Model 3: Find the $\lambda$ that minimizes OOS deviance (hint: see `cv.glmnet` help page) and the deviance at that $\lambda$ (no need to report either). What is the number of non-zero coefficients with that $\lambda_{min}$? 

Model 4: Find the biggest $\lambda$ within 1 standard error of the minimum OOS deviance and the deviance at that $\lambda$ (no need to report either). How many non-zero coefficients with that $\lambda_{1se}$?

We know that relative to the null distribution, the pseudo $R^2$ is $1-D/D_0$. What we haven't discussed is that we could use a similar method to compare any two models (with the same likelihoods). What is the ratio of deviance of the larger model to deviance of the smaller model? In two sentences or less interpret that ratio.

## Q3 -- GIANT Models

Model 5: Add interactions (warning: may be slow, hint: you'll need to modify/recreate `xmatrix`) and re-estimate the same cross-validation model as in Q2. How many possible subsets are there now (or at least, what does R say)? Show the CV error plot. In one sentence, how do these OOS deviances compare to the OOS deviances in Q2? 

## Q4 -- LPM, Deviances, Loss

Using a straightforward linear model to predict a binary is a model structure known as a "linear probability model" (LPM). This is because the $E[Y]$ is still $P(Y=1)$, and the linear model is still optimizing for $E[Y]$, but is purely linear, so we have a linear model of the probability.

Model 6: Cross-validate a linear LASSO (no interactions or anything) to predict `twotwo`.

Model 7: Cross-validate a logistic LASSO to predict `twotwo` (hint: `family="binomial"`). 

Which model has the smaller deviance? In at most two sentences, why can't we use deviances to compare Model 6 and Model 7? Rerun model 7 but set `type.measure="mse"` in `cv.glmnet`. In at most two sentences, Can we compare these models now? and if so, which is better? 

## Q5 -- Changes to Predictions

A well known issue with LPMs is that they frequently predict probabilities that are non-sensical (E.g. they might predict that $P(Y=1) = 110%$, or $P(Y=1) = -10%$). Check your predictions from Model 6 and you'll see that some of them are like this.

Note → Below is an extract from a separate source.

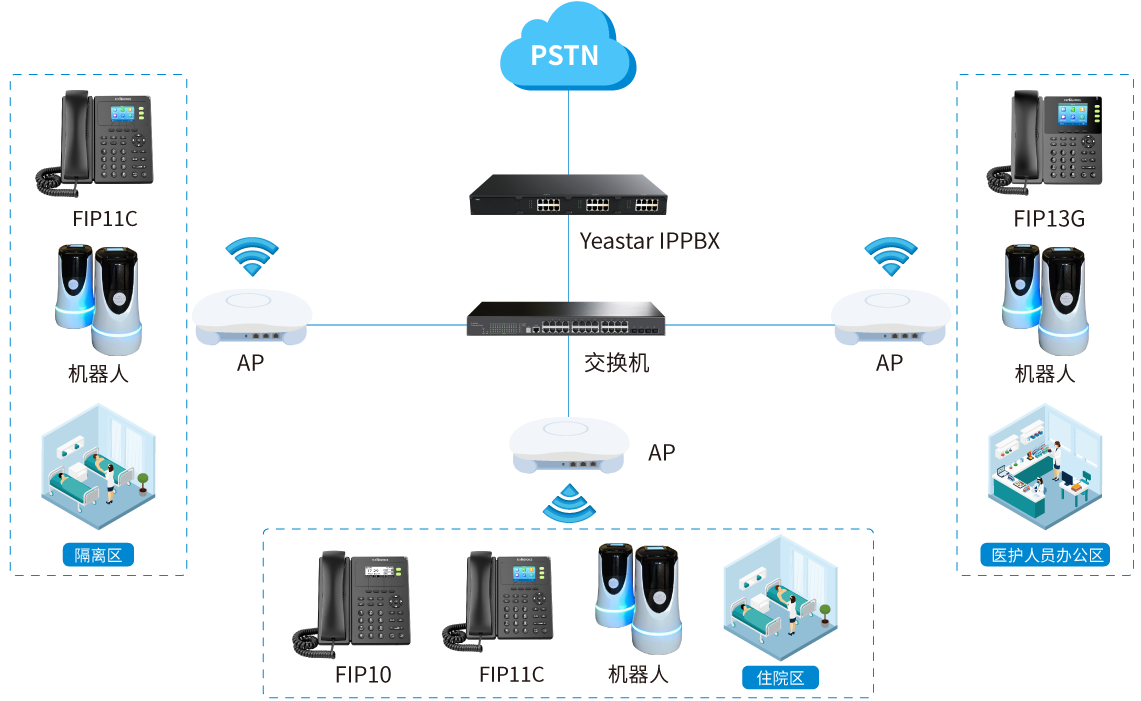 4、在网络互通的环境下,IPPBX通过自动部署的方式给话机下发分机号码信息,使住院区、隔离区、医护人员办公区等各个话机均能实现分机互通。

One solution to this problem is to use a link function which is constrained to $[0,1]$ -- as the logistic regression does. A different solution is to say "we know those probabilities are nonsense, but for prediction purposes we can easily set them to reasonable values". Specifically, predictions that are greater than 1, we set to 1, and predictions that are less than 0, we set to 0. I've written a simple function below that does this. 

```{r}
lpm_prediction_editor = function(preds) {
  out = preds
  out[out>1] = 1
  out[out<0] = 0
  out
}
```

Would using this function for our predictions with Model 6 improve the MSE? 
Could this change to our predictions change the value of $\lambda$ we should select? 
Given a $\lambda$, could this change to our predictions change the variables we should choose? Could it change the coefficients on variables we already chose? 

## Q6 -- purely R

Changing our predictions to "certainly FALSE" and "certainly TRUE"  [$\hat y$ either 0 or 1] as the function above does seems extreme. Rewrite the above function so that it takes an input argument `eps_err`, and adds `eps_err` probability of being wrong to all the predictions which claim to be certain. 


# Submission

This homework is due by Midnight on Wednesday April 21. As before, submit on canvas in groups, solutions will be discussed in class on April 22. 

# Optional Exercises

1. Build a function that calculates the binomial deviance given predictions and truth.
2. Take the code from lecture 6, and modify it to run the cross-validation for model 6 by hand.
    1. Modify the predictions inside the cross-validation so that they are all between $[0,1]$, using an `eps_err=0.001`.
    2. Instead of returning the MSE of each cross-validated lambda, return the binomial deviance.
3. Build a fit plot for each of the models in Q4.